The CEOs of Aetna and Anthem returned to Capitol Hill on Tuesday to defend their respective transactions to House members, the second such congressional hearing in a week, but hospitals and doctors said the deals remain unjustified and deserve sharp federal scrutiny.
Aetna CEO Mark Bertolini and Anthem CEO Joseph Swedish recited similar testimony from their Senate hearing last week. Bertolini said Aetna's $37 billion acquisition of Humana is almost entirely about enlarging its Medicare Advantage business, and if the transaction closes, only 8% of all Medicare beneficiaries would be in an Aetna or Humana plan. Most seniors would still be enrolled in the government's traditional fee-for-service Medicare program.
Anthem is buying Cigna Corp. in a deal valued at $54 billion, which would bolster its commercial business among self-insured employers. Swedish said savings in that business line would go back to the employers since those companies take on the financial risk of their workers' health claims.

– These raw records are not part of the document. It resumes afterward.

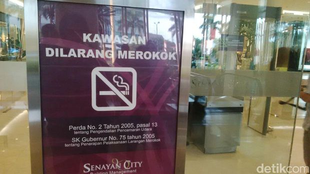Dari pengamatan detikHealth, hampir semua mal atau pusat perbelanjaan di Jakarta sudah memasang poster dan spanduk larangan merokok, bahkan beberapa di antaranya di tiap lantai. Rata-rata spanduk tersebut berisi tulisan 'Kawasan Dilarang Merokok' dan peraturan yang mendasarinya yakni Pergub DKI No 50/2012 dan Perda No 2/2005.
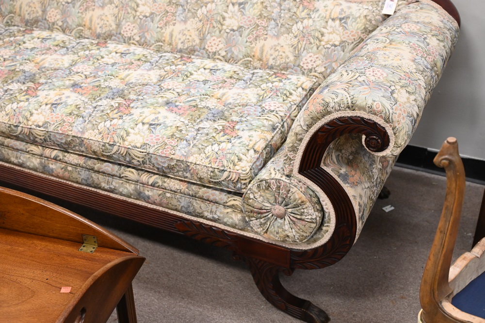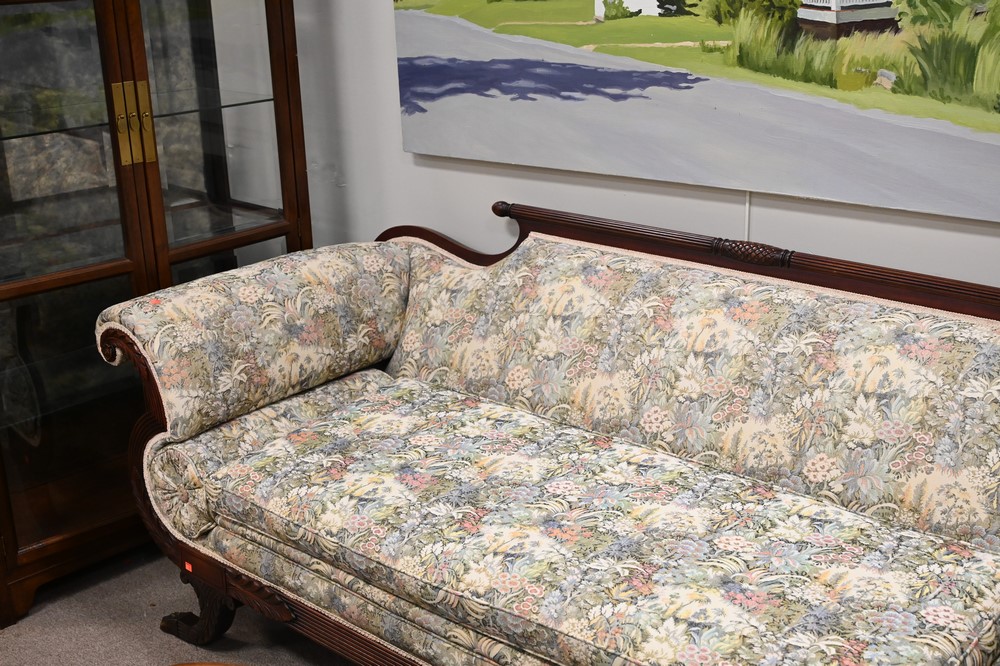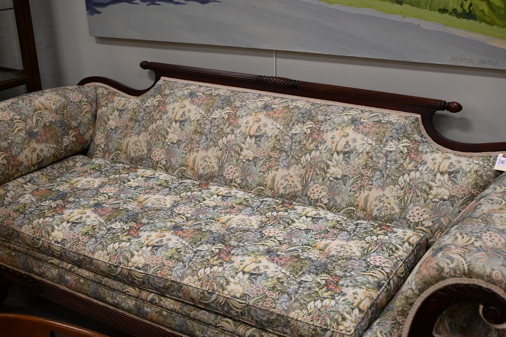 Lot 147: Duncan Phyfe Style Sofa, having tapestry style upholstery, height 33 inches, length 84 inches.
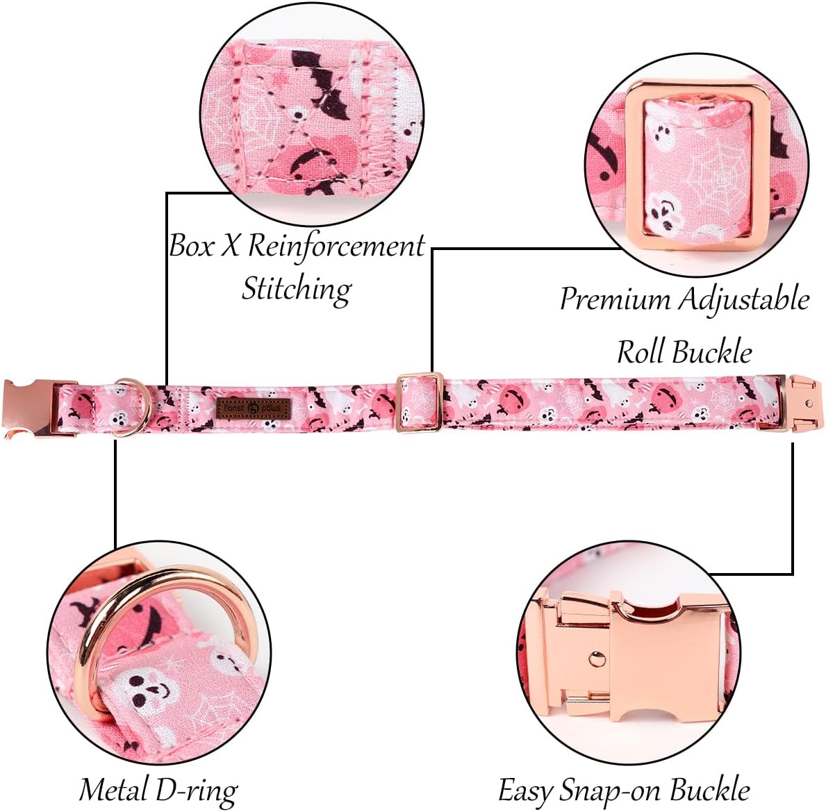 Lionet Paws Halloween Dog Collar, Cute Fall Pink Dog Collar for Large Dogs, Adjustable Cotton Pumpkin Ghost Pet Collars for Large Dogs

Providers, however, reiterated their arguments that each transaction would significantly lessen competition in various markets and lead to higher premiums for consumers.
“We are at a critical decision point on health insurance mergers,” said Dr. Andrew Gurman, president-elect of the American Medical Association. “Once consummated, there is simply no going back. You cannot unscramble an egg.”
Bertolini said more hospitals are starting their own insurance plans, especially in Medicare Advantage. That indicates that entering the health insurance market is not as onerous as some believe and that competition is still robust despite a report from the Commonwealth Fund that says otherwise, he said. But Tom Nickels, an executive vice president at the American Hospital Association, rebuffed that point, saying the hospital plans are just starting up.
“We're at the infancy stage here,” Nickels said of hospital-owned insurance plans. “The plans pale in comparison here to the size of these mergers.”
Rep. Hakeem Jeffries (D-N.Y.) asked the witnesses why there shouldn't be a “reasonable expectation” that consumers will benefit from these deals. Ed Haislmaier, a health policy researcher at the conservative Heritage Foundation, said the same thing could be asked of hospital and physician mergers. But based on his analysis, the pending insurance deals don't pose any immediate problems since the plans don't overlap in many areas—contrary to what the AHA and several health economists have found.
“The issue from a regulatory-consumer perspective is not whether they provide good, but whether they provide harm,” Haislmaier said.
Jaime King, a professor at the University of California Hastings College of Law, said a more rigorous standard should be used. “Is that a potential harm to competition? That instead of going into these areas on their own, (Aetna and Anthem) are attempting to acquire somebody who is already there and successful?” King said.
The U.S. Justice Department is reviewing both deals. Aetna and Anthem both expect approval in the second half of 2016.